Il silenzio

“Un bel tacer mai scritto fu”

(Iacopo Badoer, libretto de “Il ritorno d’Ulisse in patria”, opera di Claudio Monteverdi)

Il verso richiama la saggezza del saper tacere al momento opportuno.

Nell’immagine di richiamo di questo articolo c’è una frase tratta dal diario di appunti di Leopardi, che come noto è un contenitore di pensieri vari (uno “zibaldone” appunto, parola onomatopeica che ricorda proprio lo zabaione).

Il silenzio come linguaggio, un concetto chiaro espresso con largo ed ampio anticipo rispetto al pedante primo assioma della comunicazione di Paolo Alto “E’ impossibile non comunicare”. Troppo spesso si guarda agli autori americani, dimenticando la nostra arte e letteratura.

Ma senza addentrami nell’Infinito leopardiano, c’è il rischio che il silenzio sia pesante emotivamente: “Io nel pensier mi fingo, ove per poco il cor non si spaura”.

Il silenzio è totalmente pregno di ambiguità, denso come può essere di concetti che è meglio trattenere, o di un nulla che si finge saggezza; di una meditazione profonda o di una superficiale pochezza. Oppure è mancanza di parole adatte, per quanto il vocabolario fornisca mattoni sufficienti a strutturare pressoché qualsiasi pensiero.

Con la parola si struttura il racconto, ed è la narrazione degli eventi che ne costruisce il significato, molto più degli eventi stessi. Come quando facciamo storytelling ed evochiamo significati ed emozioni. Sia la parola sia la sua ombra silenziosa influenzano i nostri neuroni e in particolare l’attività della dopamina, che come noto influenza il tono dell’umore.

La parola e la sua ombra sono entrambe pesantissime: come in una sonata di Beethoven la nota e la pausa, come in un quadro di Caravaggio la luce e l’ombra.

Il silenzio può essere moralistico (E’ meglio stare zitti) e in alcuni contesti la disciplina prevede proprio la censura sullo scambio verbale.

Il silenzio è per definizione l’antidoto della loquacità frivola.

Il silenzio si dice che equivalga al consenso.

Il silenzio è una disciplina utile di fronte a proprie mancanze.

Il silenzio placa l’ira mettendo a freno le parole.

Il silenzio è in qualche modo difficile, specie nell’epoca del frastuono.

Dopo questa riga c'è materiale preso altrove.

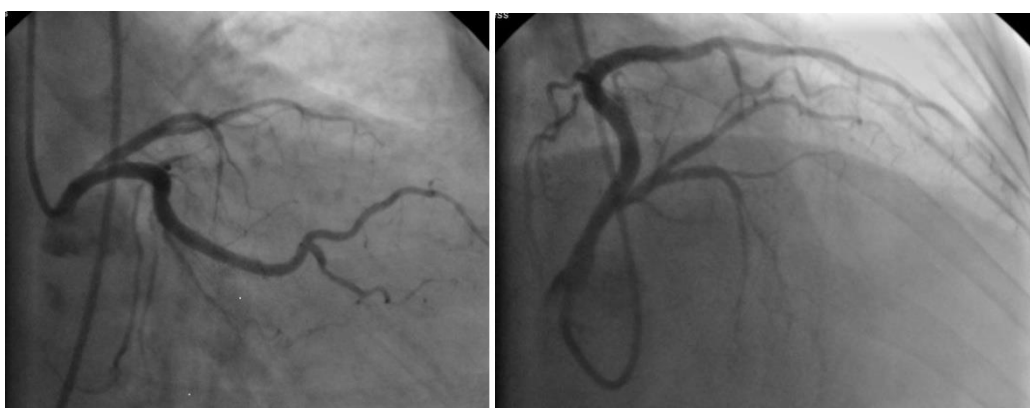
Figure 1. A short left anterior descending artery, originating from the left main and terminating immediately at the initial part of the anterior interventricular groove after giving off the first septal and diagonal branches.

media into the LCA manifested a normal left main and left circumflex artery (LCx). The LCx delivered 2 obtuse marginal branches, neither of which had significant narrowing. A short LAD arose from the left main, ran normally, and terminated immediately at the initial part of the anterior interventricular groove after giving off the first septal and diagonal branches. The area that is normally perfused by the mid and distal sections of the LAD had no vessels including the collateral circulation. This short LAD was meanwhile free of considerable narrowing (Fig. 1).
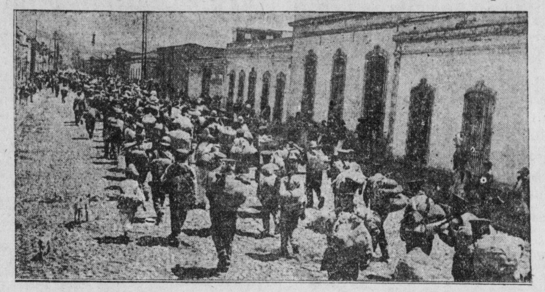
Photo shows federal troops massed for action outside Mexico City following the assassination of. Alvaro Obregon, president-elect of Mexico.

After Obregon Assassination; Federals Massed Near Capital
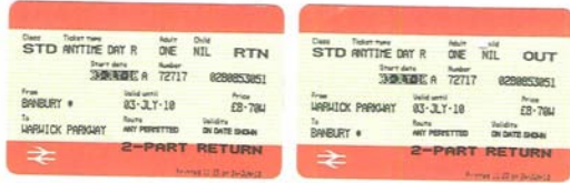
Our tickets for the journey.

On Saturday 3 rd July 201 the three 'Oldies' from the Maintenance team took time out to travel on a steam special arranged by Chiltern Railways from Banbury to Chinnor, this was in celebration of the centenary of the Bicester cut-off. The weather was ideal, a sunny and cloudless sky with a slight breeze. It was billed as a unique opportunity to travel directly to Chinnor over a temporary connection put in for the day only.
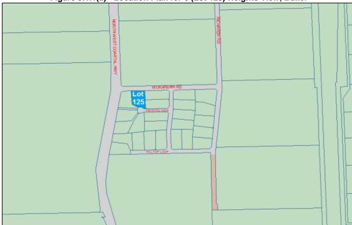
Figure 9.1.1(a) - Location Plan for 6 (Lot 125) Heights View, Buller

The construction of the residence upon Lot 125 is nearing completion and the landowner is seeking to locate an outbuilding behind the residence in the north-east corner of the property.
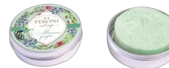
Honey soap «Mint Morning»
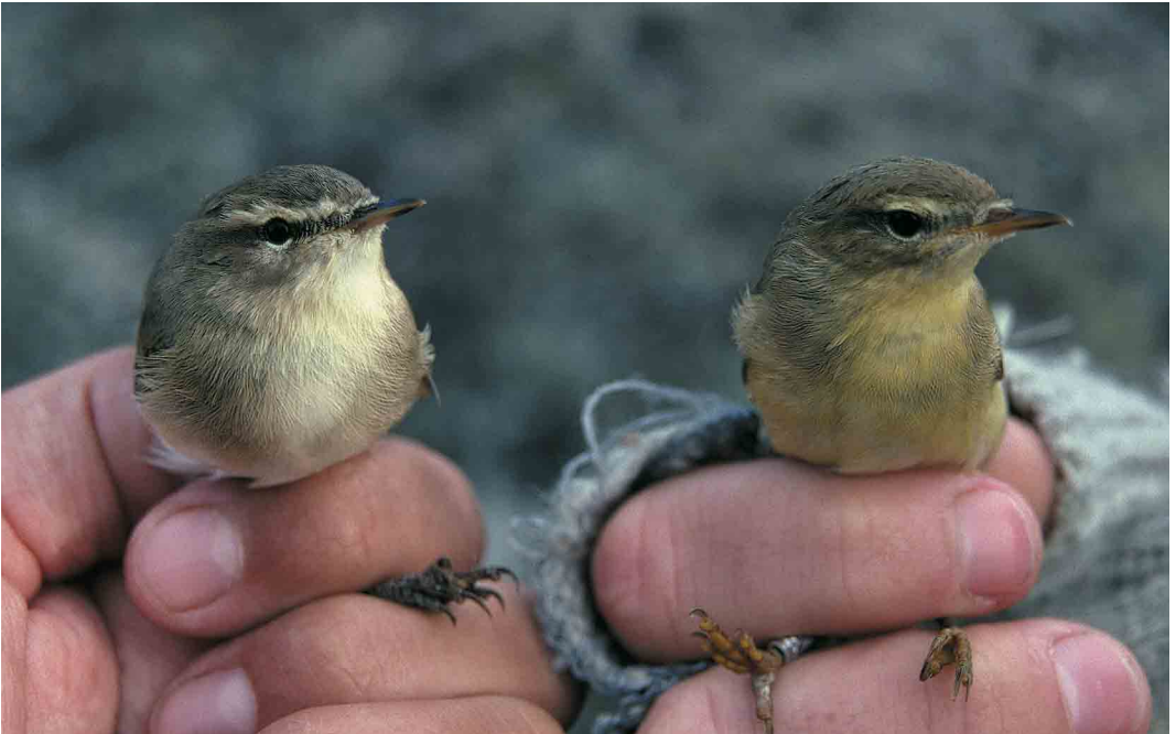
Mystery birds V (left) and VI (right) (September)

Taking all these (very subtle) features of the mystery bird into consideration, the balance tips in favour of Western Black-eared Wheatear. Fortunately, this identification is confirmed by the location of the bird, as it was photographed in the Algarve, Portugal, on 2 June 1998 by Ray Tipper. Another photograph of the same bird
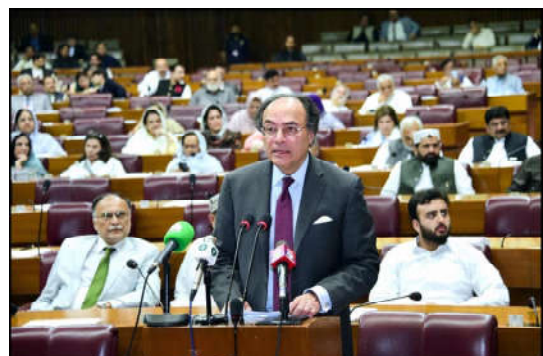
ISLAMABAD: Minister for Finance and Revenue Senator Muhammad Aurangzeb addressing to wind up the Federal Budget 2024-2025 in the National Assembly of Pakistan.
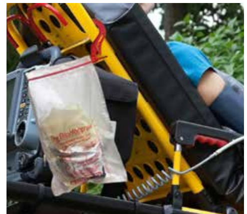
Easily and safely manage scene garbage or patient belongings quickly and efficiently.
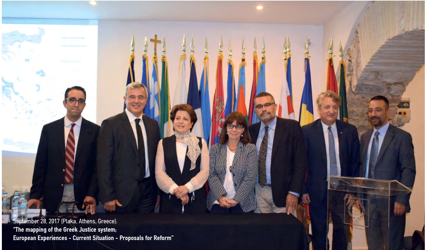
September 28, 2017 (Plaka, Athens, Greece): “The mapping of the Greek Justice system; European Experiences - Current Situation - Proposals for Reform”
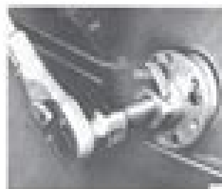
Fig. 69. Removing the pulley hub
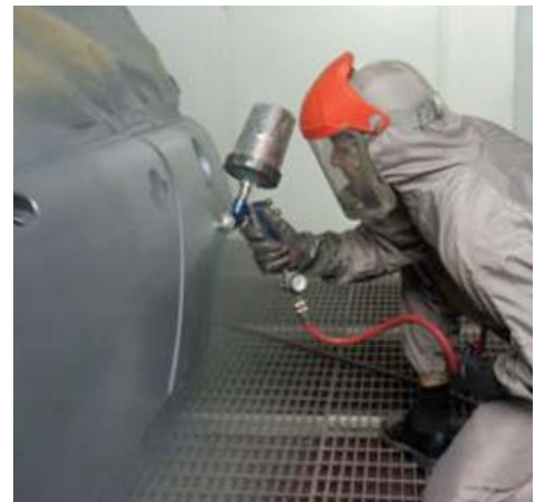
Figure 2 'Now you don't' Under normal booth lighting the mist is invisible

The paint mist is not, as is often imagined, instantly removed by the ventilation. The ventilation air is overwhelmed by the spray-gun air jet and the invisible mist builds up.
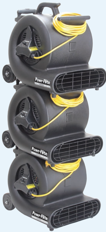
Stackable for transport and storage.
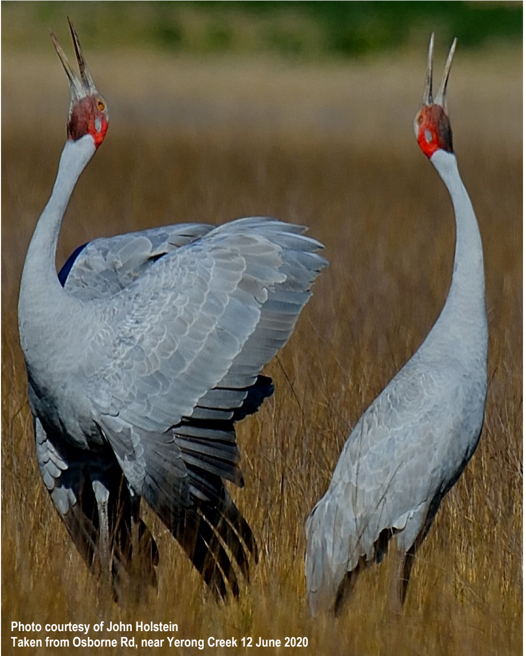
Taken from Osborne Rd, near Yerong Creek 12 June 2020
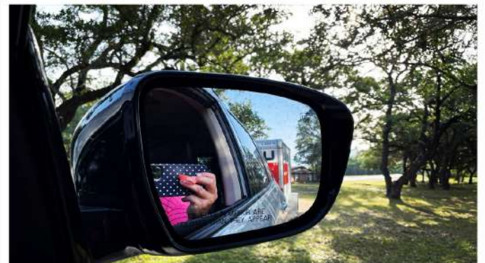
Texas home and U-Haul in our rearview mirror, headed back to Denver!
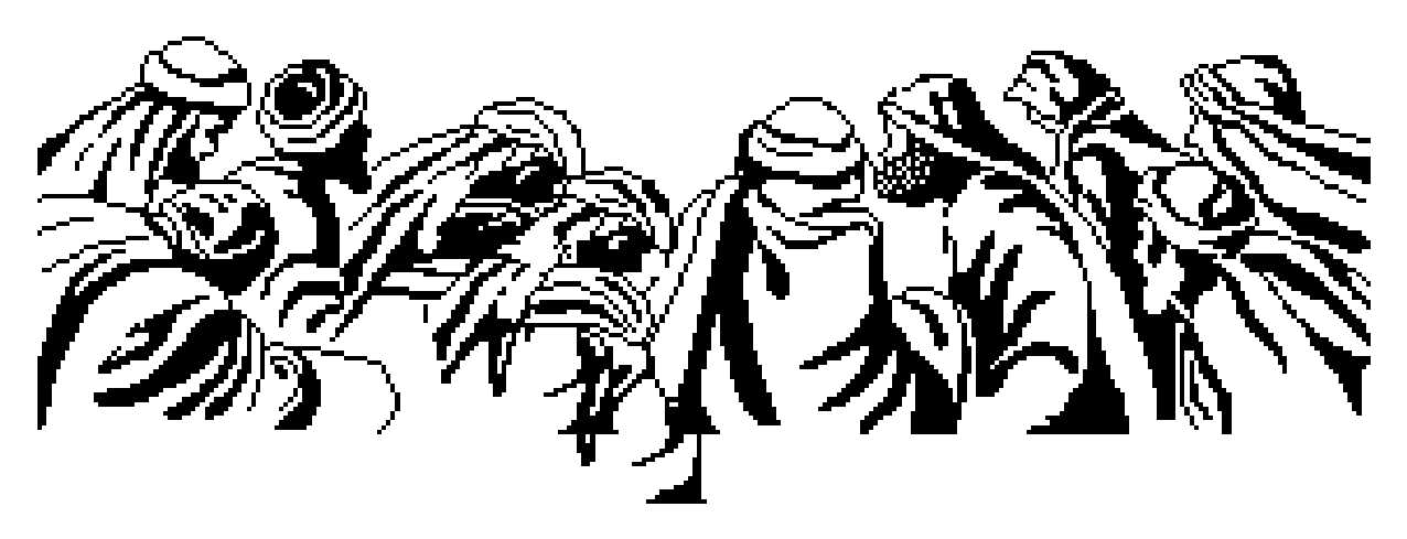
"Happy is the man who has his quiver full of them." PSALM 127:5
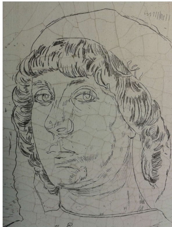
Fig. 8: Detail of a cracked panel with the drawing already on it before the phase of colouring.

Putting aside the question of the selection of material and procedures, it's also a fact that color layers are difficult to age, especially when the support is panel. Unlike gessos and chalk grounds, paint (tempera or oil) is much more flexible and it's difficult to produce cracks on it. There are plenty of ways to achieve these results, but none of them is really effective. Egg temperas are capable of producing subtle cracks, 30 while oil paint on panel, due to its flexibility, is very difficult to crack. Even when craquelure is achieved, they do not seem real because they tend to affect only the paint and not the gesso layer, as is common in historic paintings. The addition of drying agents to quickly accelerate the polymerizing of oil is very common, although these results are very difficult to achieve on panel, and are really easy to obtain when using cloths supports, as will be shown later.

Esso appare come un vuoto, qualcosa che bisogna riempire, mentre esso può essere pregno di significati.

Il silenzio significa anche lasciarsi qualcosa alle spalle.

Il silenzio ha un proprio suono, come nella celebre canzone di Simon & Garfunkel. Un suono nel quale persiste una visione, che contiene flash di luce, che cresce come una malattia, che fa eco ad altri suoni, che sussurra ispirazioni.

Il silenzio occulta la diagnosi, protegge dall’angoscia.

Il silenzio è collusione, è negazione di uno spazio dove riconoscersi, è lo schianto del dolore.

Il silenzio a volte è come una scomparsa, lascia solo il vuoto.

Personalmente, io lancio un allarme etico:

il cambiamento e l’innovazione, che riguardino una persona o un gruppo di persone, richiedono la rottura del silenzio. Il silenzio è conservativo, quindi bisogna chiedersi cosa valga la pena di conservare e perché, considerato che spesso il silenzio ha sotto la negazione dell’evidenza e/o il cuscino inumidito di lacrime.

Il silenzio è la magica conclusione della parola, non può essere la negazione della stessa.